### Task to complete:
Would you output the lines from the one with "芬腾带胸垫纯棉睡衣女款夏款可外穿简约短袖短裤圆领套装女家居服" through the last line of the material below, exactly, but without pictures?

** Given information follows **

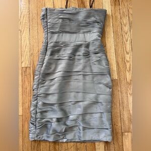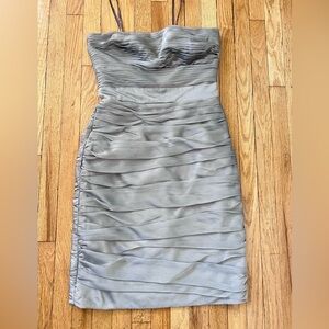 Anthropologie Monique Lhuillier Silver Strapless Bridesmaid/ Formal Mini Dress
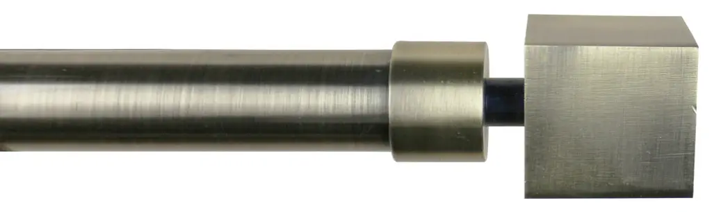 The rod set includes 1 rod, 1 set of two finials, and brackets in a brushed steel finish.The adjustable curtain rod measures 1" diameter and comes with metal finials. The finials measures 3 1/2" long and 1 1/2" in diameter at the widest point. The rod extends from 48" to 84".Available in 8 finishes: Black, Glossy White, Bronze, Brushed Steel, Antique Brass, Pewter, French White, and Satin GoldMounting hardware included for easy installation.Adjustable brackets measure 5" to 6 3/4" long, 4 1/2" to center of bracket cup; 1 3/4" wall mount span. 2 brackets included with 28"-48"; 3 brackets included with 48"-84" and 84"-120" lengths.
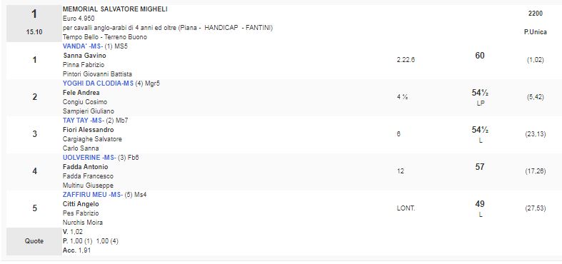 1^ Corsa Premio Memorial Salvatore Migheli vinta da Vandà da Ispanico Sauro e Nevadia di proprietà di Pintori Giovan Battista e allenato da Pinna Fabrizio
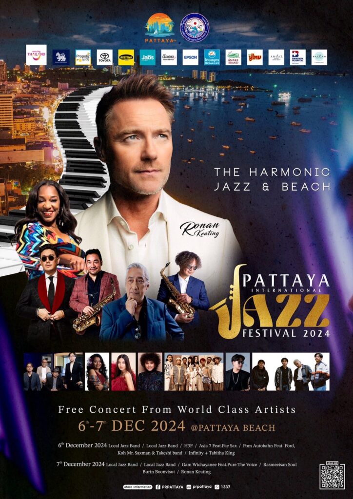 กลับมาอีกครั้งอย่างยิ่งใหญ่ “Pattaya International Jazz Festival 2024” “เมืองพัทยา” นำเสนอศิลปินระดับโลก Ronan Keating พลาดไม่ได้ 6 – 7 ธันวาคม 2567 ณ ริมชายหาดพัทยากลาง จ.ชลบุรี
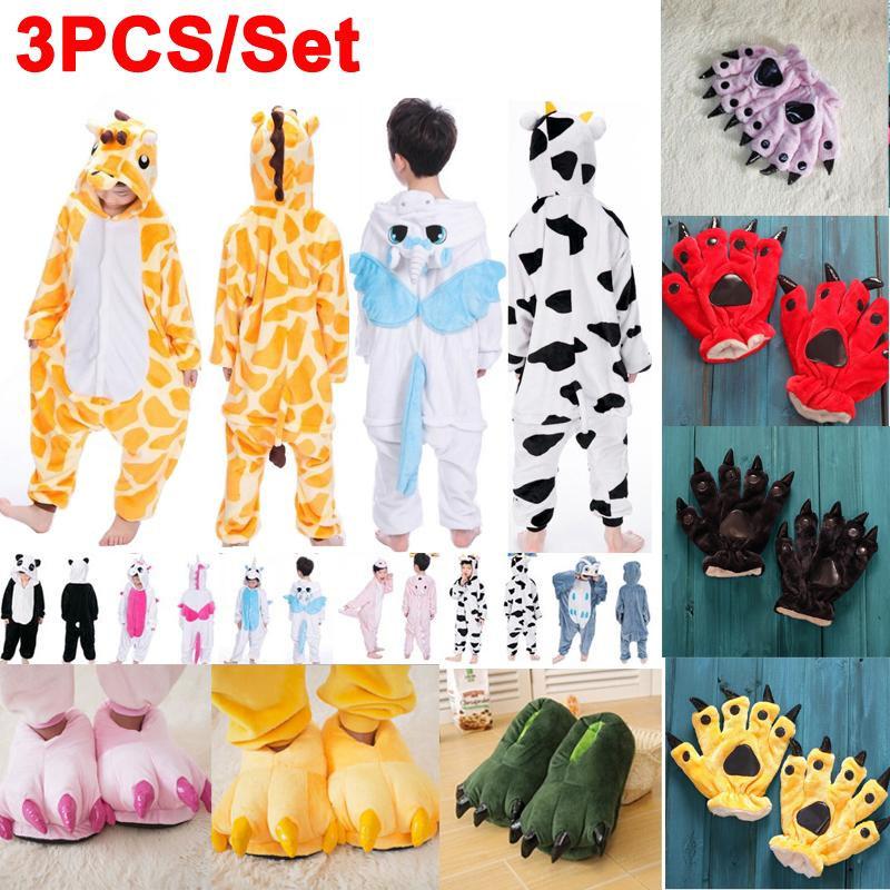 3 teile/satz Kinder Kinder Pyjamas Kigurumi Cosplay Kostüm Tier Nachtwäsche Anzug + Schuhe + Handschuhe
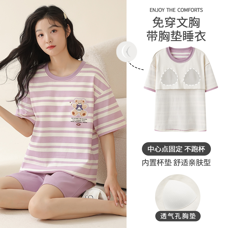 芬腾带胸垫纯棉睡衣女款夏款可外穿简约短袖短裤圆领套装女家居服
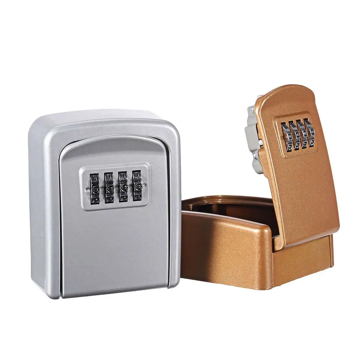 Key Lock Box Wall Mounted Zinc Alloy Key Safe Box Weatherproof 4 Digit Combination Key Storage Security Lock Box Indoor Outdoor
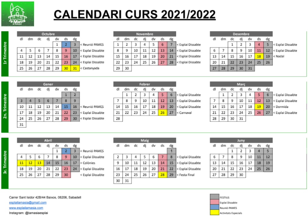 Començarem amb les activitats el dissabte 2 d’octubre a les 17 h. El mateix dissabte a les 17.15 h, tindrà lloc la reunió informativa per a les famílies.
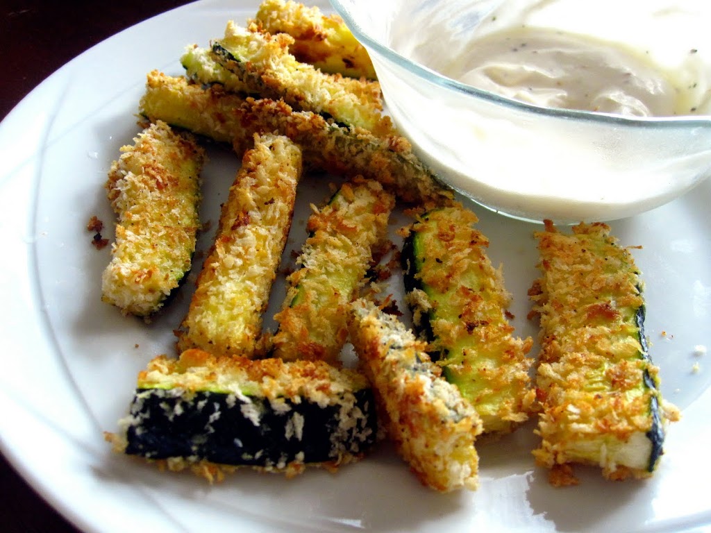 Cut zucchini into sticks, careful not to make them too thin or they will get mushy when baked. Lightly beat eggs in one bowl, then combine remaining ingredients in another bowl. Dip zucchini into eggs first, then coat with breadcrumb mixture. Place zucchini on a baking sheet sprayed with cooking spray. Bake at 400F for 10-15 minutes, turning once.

** End of Given information **

### Response below:
 芬腾带胸垫纯棉睡衣女款夏款可外穿简约短袖短裤圆领套装女家居服
 Key Lock Box Wall Mounted Zinc Alloy Key Safe Box Weatherproof 4 Digit Combination Key Storage Security Lock Box Indoor Outdoor
 Començarem amb les activitats el dissabte 2 d’octubre a les 17 h. El mateix dissabte a les 17.15 h, tindrà lloc la reunió informativa per a les famílies.
 Cut zucchini into sticks, careful not to make them too thin or they will get mushy when baked. Lightly beat eggs in one bowl, then combine remaining ingredients in another bowl. Dip zucchini into eggs first, then coat with breadcrumb mixture. Place zucchini on a baking sheet sprayed with cooking spray. Bake at 400F for 10-15 minutes, turning once.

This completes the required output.